There are lots of ways to build a swimming pond, just as there are lots of ways to build any kind of pond. These are the general set of steps you’ll be following once you’ve planned out the details.

  1. A swimming pond needs to be deep enough, so start with a 6 foot deep, 25-30ft hole and add a sand base, so the final depth is about 5.5 feet.
  2. Remove sharp rocks that can puncture the liner and backfill it with compaction sand.
  3. Add a pond liner to the bottom of the hole and cover it with large and small stones to protect it and give it a natural look and feel.
  4. Plan where you want to place your deck, dock, plants, deep areas and water features. Make sure you place them in areas so that people can safely enter and exit the pond without falling onto large or sharp rocks.
  5. Install a filtering system so that clean, fresh water is constantly replenishing stagnant or dirty water in the pond.
  6. Edge treatment – lay sod and go around the pond trimming excess liner and bury the rest of it with rock and mulch to make it look natural.
  7. Make sure to cover or bury any sharp edges near or around the edge of the pond to protect bare feet.

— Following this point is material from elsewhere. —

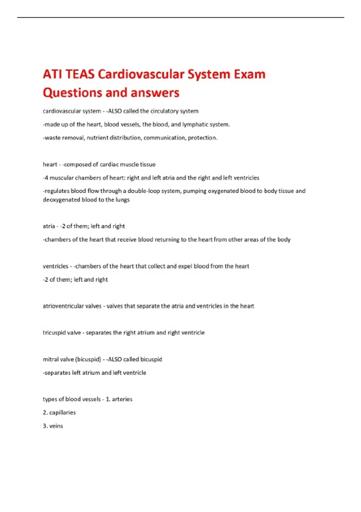 ATI TEAS Cardiovascular System Exam Questions and answers cardiovascular system - -ALSO called the circulatory system -made up of the heart, blood vessels, the blood, and lymphatic system. -waste removal, nutrient distribution, communication, protection. heart - -composed of cardiac muscle tissue -4 muscular chambers of heart: right and left atria and the right and left ventricles -regulates blood flow through a double-loop system, pumping oxygenated blood to body tissue and deoxygenated blood to the lungs
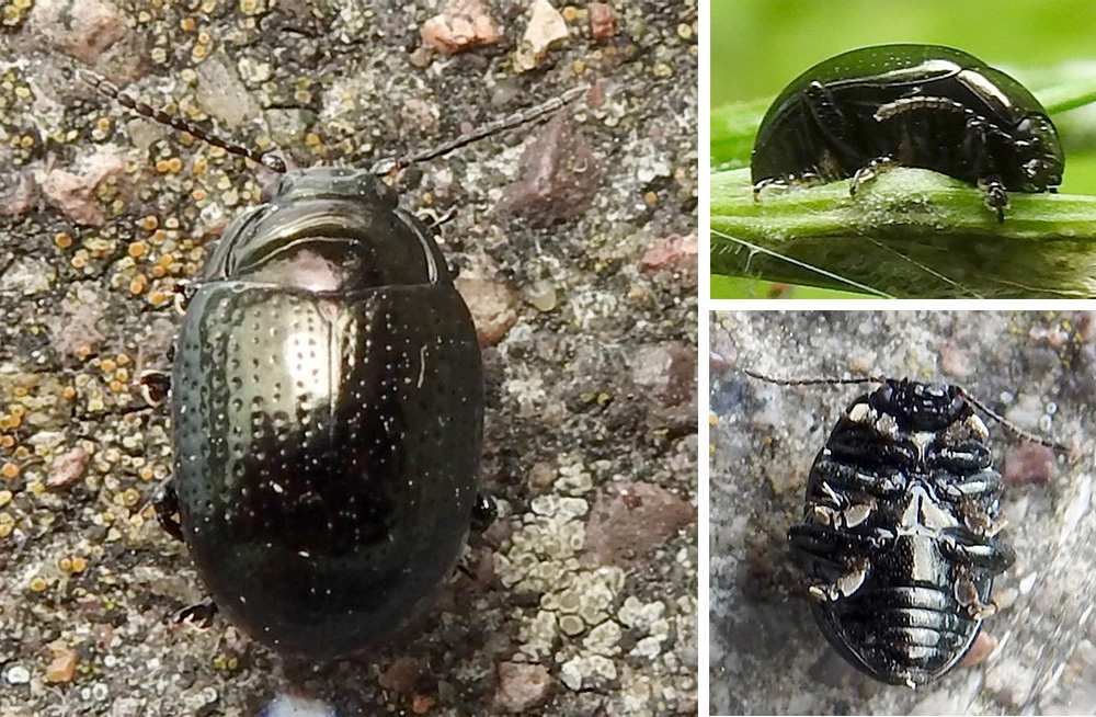 Rounded dark metallic blue-black beetle ca. 8 mm long. Antennae long and simple-ended. Pronotum smooth and with groove laterally. Elytra with rows of punctae. Several found om cow parsley flowers towards end of flowering season.

As you can see, building a swimming pond isn’t much different than building a regular pond, it just has an added emphasis on size and proper filtration.

Filtration can take many forms, from a purely mechanical system that physically pumps water through an artificial filter to a completely natural one. A natural filtration system often involves running water through a shallow area full of plants and gravel that absorbs any unwanted materials.

Final Thoughts

A pond can easily become the focal point of your property, especially when its safe for swimming.

The main thing to look out for in a swimming pond is the quality of the water. If you smell something foul or see anything dead floating on the water’s surface, it’s probably not safe for swimming. However, a pond with water that’s been thoroughly tested and kept clean throughout the year can be safely used for swimming.

Test your backyard swimming pond regularly to make sure there aren’t harmful levels of e. coli and other unwanted bacteria. This way you can avoid getting sick or even worse in some extreme cases.

Algae, on the other hand, is usually safe to swim near even if it’s a little gross.